Had life's hardships and Thomas' ability to relate to the average guy on the street been requirements for his nomination and accurately predicted his popularity as a justice, he would be batting 1000 in the eyes of the left. But the left perceives the second black man on the bench, who is from the poorest most dysfunctional background, as a big zero. Plugging Thomas' life experience into the Obama equation proves that background does not equal satisfactory performance.

When the Thomas story is contrasted with that of Justice Stevens, a veritable jurisprudential icon of the left, the sheer inanity of Obama's reasoning emerges. Stevens, who is white, comes from probably the most affluent background of all of the sitting justices--the son of a man who made a fortune in the insurance and hotel business. He led a life of privilege and, according to the left, a life which should immediately disqualify him from a seat on the Supreme Court because a white man of such wealth and prominence could never possess the empathy or understanding to relate to the common man.

And yet, this white man of status, has proven to be one of the most liberal justices on the Court, whose opinions are praised by progressives. While he should be a big zero, he is batting 1000 in the eyes of the left (and is still going strong at 89). Again, plugging Stevens' life experience into the Obama equation proves that background does not equal satisfactory performance.

In reality, sitting on the Supreme Court is a man of little means and comfort, who grew up black and poor, and should, by all meaningful liberal calculations, be a superb Supreme Court justice, yet his opinions are condemned by the left. In stark contrast to this is a man on the bench of considerable means and comfort, who grew up white and wealthy and should stand in complete contradiction to everything the left stands for, yet is the standard-bearer for the liberal jurisprudential mantra of legislating from the bench.

We are left with a nomination process that has no bearing whatsoever on reality (the reality being that each nominee's judicial philosophy and actual record are paramount), but on a perceived reality that a nominee's past personal history is tantamount to his/her decision-making abilities as, it is hoped, will be the case with Sonia Sotomayor--even though it is certainly not the reality among those currently sitting on the bench.

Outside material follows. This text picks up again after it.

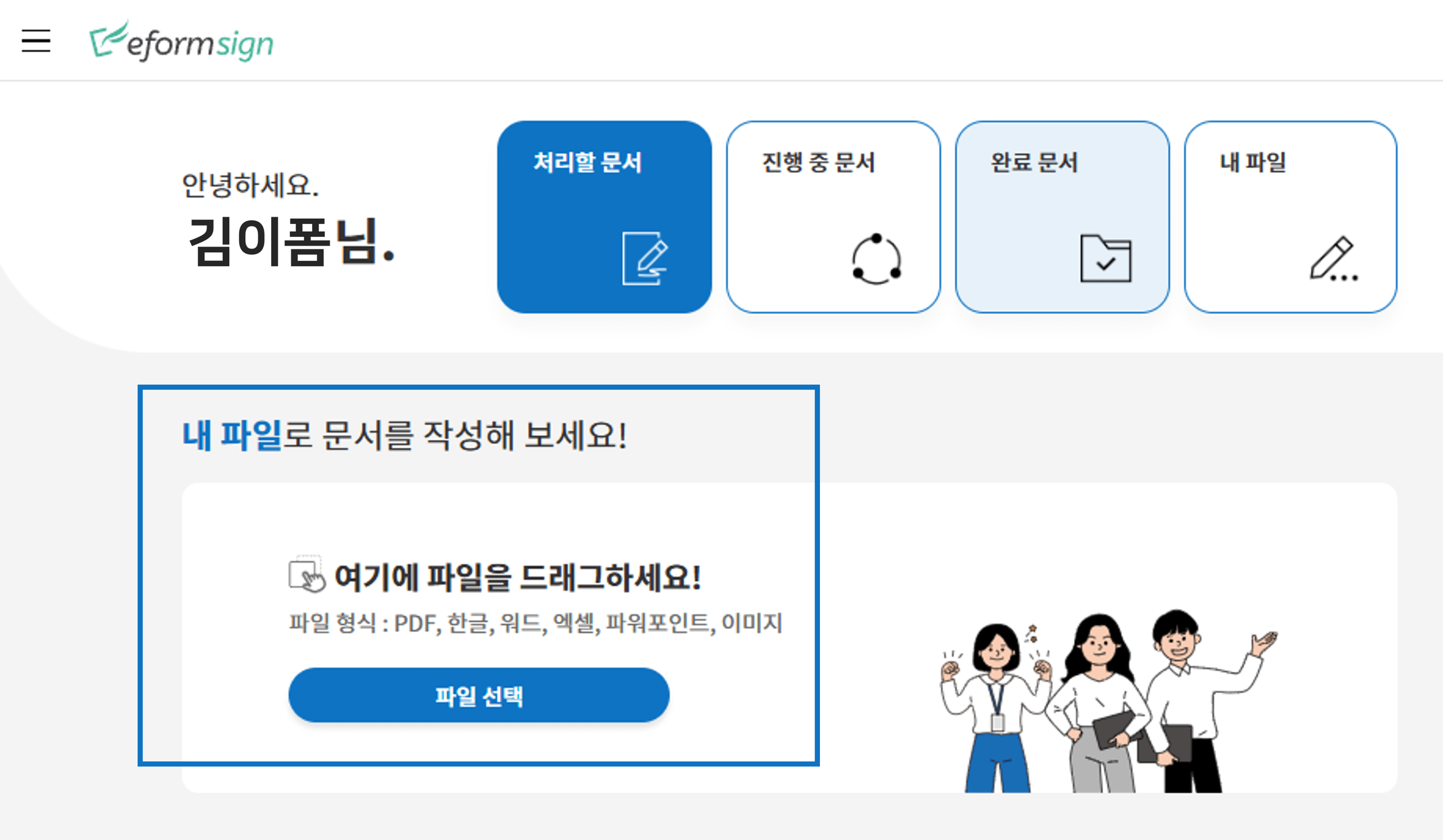1. 이폼사인에서 무료 체험을 시작하세요!✅ 회원가입 후 메인 화면에서 [eformsign 시작하기] 에 들어가 [내 파일로 문서 작성] 으로 필요한 문서(한글, pdf, 엑셀 등)를 불러와 주세요.

Simply put: there is no guarantee that one's background or station in life, let alone color, gender or ethnicity will dictate one's judicial philosophy and, while interesting, should not factor into a Supreme Court nomination. Supreme Court case law is rife with rulings that benefit Americans of all shapes and sizes and were handed down by...white men. If we accept as true the fact that white men are incapable of handing down legal decisions that benefit minorities, then, taken to its logical extreme, we would have to go through the contortions of doing away with Brown v. Board of Education given that all of the Supreme Court justices in 1954 were white men. That's how twisted Obama's reasoning is.